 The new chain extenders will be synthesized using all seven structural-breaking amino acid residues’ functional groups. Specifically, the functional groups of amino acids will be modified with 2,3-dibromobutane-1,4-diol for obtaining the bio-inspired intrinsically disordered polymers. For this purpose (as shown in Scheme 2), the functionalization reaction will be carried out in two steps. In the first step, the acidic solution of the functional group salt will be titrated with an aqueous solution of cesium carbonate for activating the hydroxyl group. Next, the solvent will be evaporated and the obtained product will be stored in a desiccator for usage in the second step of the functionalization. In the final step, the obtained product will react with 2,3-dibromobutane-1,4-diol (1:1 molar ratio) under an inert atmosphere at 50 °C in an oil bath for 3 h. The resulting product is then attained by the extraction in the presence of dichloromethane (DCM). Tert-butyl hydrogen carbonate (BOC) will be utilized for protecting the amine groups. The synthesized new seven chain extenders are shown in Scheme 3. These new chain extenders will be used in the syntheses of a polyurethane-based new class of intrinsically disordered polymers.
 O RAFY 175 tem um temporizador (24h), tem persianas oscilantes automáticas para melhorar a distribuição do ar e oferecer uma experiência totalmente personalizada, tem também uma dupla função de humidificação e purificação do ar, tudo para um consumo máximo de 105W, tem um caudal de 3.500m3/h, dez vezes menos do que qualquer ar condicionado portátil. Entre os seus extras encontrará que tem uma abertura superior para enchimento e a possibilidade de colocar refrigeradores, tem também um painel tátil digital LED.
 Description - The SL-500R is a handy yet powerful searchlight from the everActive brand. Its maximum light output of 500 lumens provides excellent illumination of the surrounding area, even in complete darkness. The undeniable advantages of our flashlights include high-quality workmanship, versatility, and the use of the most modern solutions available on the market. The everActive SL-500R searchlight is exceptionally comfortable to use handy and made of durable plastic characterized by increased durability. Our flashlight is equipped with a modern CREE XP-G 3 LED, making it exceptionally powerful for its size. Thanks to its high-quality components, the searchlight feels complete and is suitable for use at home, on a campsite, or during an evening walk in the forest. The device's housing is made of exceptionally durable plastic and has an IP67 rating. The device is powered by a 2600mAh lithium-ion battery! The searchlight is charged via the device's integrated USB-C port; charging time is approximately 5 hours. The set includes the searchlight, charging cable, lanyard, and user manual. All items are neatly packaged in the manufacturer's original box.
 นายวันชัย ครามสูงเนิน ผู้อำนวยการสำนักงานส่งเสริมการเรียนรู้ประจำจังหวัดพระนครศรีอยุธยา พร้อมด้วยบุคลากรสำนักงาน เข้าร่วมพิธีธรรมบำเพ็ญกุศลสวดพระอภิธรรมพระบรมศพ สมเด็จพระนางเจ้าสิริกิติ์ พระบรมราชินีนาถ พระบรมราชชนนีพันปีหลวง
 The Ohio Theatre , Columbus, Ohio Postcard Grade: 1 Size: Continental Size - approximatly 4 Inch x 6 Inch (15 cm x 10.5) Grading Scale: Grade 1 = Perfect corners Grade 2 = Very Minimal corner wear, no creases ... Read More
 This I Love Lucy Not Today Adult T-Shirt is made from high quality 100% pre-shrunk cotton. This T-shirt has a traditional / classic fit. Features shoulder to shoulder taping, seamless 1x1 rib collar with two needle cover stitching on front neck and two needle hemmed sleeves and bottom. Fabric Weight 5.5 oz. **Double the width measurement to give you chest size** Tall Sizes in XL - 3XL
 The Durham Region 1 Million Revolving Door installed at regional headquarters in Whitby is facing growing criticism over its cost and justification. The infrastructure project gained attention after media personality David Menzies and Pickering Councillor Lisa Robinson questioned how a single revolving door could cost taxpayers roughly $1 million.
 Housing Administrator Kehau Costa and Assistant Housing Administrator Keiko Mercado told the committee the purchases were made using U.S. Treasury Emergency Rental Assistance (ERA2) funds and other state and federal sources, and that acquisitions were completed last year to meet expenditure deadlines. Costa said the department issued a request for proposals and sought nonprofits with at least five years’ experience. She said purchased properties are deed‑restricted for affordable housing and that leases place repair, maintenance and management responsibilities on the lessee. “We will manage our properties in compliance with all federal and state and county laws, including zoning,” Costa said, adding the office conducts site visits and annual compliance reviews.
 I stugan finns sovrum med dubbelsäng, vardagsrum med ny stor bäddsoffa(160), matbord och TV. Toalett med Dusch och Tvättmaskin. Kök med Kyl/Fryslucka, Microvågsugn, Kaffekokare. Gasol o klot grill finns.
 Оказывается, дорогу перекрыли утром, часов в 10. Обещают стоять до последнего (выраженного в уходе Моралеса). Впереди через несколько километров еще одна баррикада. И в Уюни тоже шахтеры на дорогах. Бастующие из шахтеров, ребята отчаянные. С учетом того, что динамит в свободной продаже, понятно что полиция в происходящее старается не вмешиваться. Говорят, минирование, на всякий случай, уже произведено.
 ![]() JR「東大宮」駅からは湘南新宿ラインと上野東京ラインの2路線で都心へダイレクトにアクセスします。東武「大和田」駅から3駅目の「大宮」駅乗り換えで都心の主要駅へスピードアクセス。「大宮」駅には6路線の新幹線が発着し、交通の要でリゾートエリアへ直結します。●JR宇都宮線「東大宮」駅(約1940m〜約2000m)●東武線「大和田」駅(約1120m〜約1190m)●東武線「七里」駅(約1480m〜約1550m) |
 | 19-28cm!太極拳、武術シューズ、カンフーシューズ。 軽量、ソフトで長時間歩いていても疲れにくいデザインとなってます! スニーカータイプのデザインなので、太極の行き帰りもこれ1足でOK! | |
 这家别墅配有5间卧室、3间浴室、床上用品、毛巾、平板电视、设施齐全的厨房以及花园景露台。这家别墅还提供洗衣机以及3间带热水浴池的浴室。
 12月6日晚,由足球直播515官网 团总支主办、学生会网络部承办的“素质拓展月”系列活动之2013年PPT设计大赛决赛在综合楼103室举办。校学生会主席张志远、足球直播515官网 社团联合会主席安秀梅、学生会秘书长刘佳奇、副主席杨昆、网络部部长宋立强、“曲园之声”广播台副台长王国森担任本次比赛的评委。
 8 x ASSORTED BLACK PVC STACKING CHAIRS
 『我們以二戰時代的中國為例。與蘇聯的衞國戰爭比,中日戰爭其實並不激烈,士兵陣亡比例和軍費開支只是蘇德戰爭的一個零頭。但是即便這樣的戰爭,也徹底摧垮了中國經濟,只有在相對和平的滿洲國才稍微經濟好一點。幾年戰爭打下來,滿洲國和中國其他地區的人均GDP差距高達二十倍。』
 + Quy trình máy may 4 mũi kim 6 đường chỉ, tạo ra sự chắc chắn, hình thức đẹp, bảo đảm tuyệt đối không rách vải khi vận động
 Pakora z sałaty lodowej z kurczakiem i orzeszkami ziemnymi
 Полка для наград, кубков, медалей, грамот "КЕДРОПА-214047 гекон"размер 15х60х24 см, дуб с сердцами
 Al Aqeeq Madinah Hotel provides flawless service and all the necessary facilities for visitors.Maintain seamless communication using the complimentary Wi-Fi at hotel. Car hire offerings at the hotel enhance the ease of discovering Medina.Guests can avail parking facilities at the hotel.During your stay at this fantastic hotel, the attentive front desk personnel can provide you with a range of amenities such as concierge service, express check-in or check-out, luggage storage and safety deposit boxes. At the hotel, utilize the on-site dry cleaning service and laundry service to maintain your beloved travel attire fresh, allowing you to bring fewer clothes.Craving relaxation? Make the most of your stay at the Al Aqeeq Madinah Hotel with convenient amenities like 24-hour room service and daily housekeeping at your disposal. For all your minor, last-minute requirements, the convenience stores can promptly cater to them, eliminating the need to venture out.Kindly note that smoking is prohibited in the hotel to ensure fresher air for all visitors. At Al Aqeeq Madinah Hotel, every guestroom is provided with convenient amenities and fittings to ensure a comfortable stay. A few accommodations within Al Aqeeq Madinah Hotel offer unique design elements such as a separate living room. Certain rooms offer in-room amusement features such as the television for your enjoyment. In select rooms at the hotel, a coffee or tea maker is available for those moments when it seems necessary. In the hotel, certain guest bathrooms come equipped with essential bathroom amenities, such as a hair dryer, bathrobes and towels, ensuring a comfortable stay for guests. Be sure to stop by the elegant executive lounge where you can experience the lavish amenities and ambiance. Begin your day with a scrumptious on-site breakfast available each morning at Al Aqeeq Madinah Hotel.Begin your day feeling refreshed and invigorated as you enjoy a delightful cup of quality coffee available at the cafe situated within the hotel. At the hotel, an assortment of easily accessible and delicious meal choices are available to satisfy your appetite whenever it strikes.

------------------------

Going back over the entries above, copy word for word every line from the one that has "8 x ASSORTED BLACK PVC STACKING CHAIRS" on through the one that has "Полка для наград, кубков, медалей, грамот".

• Task response:
 8 x ASSORTED BLACK PVC STACKING CHAIRS
 『我們以二戰時代的中國為例。與蘇聯的衞國戰爭比,中日戰爭其實並不激烈,士兵陣亡比例和軍費開支只是蘇德戰爭的一個零頭。但是即便這樣的戰爭,也徹底摧垮了中國經濟,只有在相對和平的滿洲國才稍微經濟好一點。幾年戰爭打下來,滿洲國和中國其他地區的人均GDP差距高達二十倍。』
 + Quy trình máy may 4 mũi kim 6 đường chỉ, tạo ra sự chắc chắn, hình thức đẹp, bảo đảm tuyệt đối không rách vải khi vận động
 Pakora z sałaty lodowej z kurczakiem i orzeszkami ziemnymi
 Полка для наград, кубков, медалей, грамот "КЕДРОПА-214047 гекон"размер 15х60х24 см, дуб с сердцами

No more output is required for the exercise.